What the task asks -> Write out the lines below exactly, beginning at the one with "Supan (center) with" and stopping after the one with "12月23日,由邵阳市委宣传"; the pictures are not copied.
Data records START
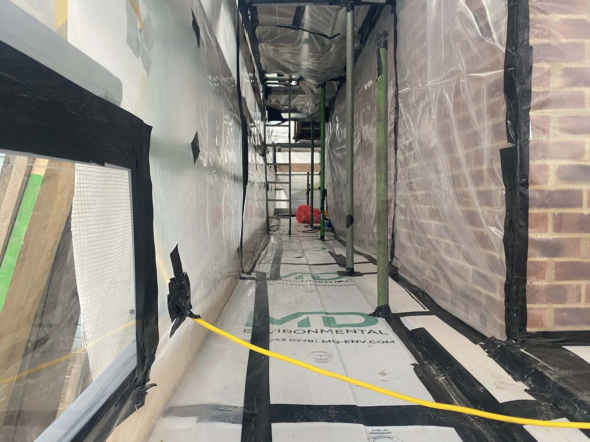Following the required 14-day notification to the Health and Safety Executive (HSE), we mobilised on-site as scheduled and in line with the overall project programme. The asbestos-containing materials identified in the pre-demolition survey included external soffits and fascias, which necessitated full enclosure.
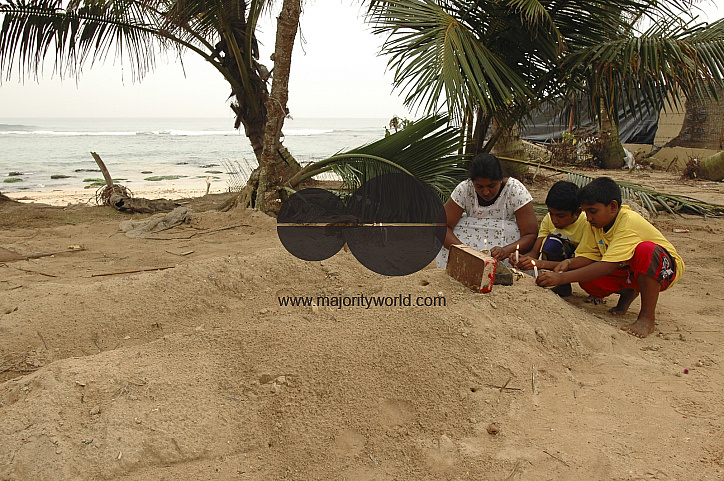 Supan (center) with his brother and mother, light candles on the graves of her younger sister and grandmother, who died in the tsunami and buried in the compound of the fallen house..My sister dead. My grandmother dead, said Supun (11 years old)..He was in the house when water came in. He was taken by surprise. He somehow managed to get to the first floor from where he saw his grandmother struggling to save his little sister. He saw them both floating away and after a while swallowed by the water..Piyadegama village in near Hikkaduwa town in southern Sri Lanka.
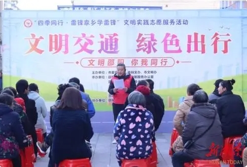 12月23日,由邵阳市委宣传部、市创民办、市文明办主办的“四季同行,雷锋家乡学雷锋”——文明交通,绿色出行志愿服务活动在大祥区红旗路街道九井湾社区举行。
Data records END
Data records START
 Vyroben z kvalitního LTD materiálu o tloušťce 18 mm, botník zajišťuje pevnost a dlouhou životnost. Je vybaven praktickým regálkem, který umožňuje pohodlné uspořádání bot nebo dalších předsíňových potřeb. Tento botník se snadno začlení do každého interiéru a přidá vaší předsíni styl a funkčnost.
Data records END
Problem solution ->
 Supan (center) with his brother and mother, light candles on the graves of her younger sister and grandmother, who died in the tsunami and buried in the compound of the fallen house..My sister dead. My grandmother dead, said Supun (11 years old)..He was in the house when water came in. He was taken by surprise. He somehow managed to get to the first floor from where he saw his grandmother struggling to save his little sister. He saw them both floating away and after a while swallowed by the water..Piyadegama village in near Hikkaduwa town in southern Sri Lanka.
 12月23日,由邵阳市委宣传部、市创民办、市文明办主办的“四季同行,雷锋家乡学雷锋”——文明交通,绿色出行志愿服务活动在大祥区红旗路街道九井湾社区举行。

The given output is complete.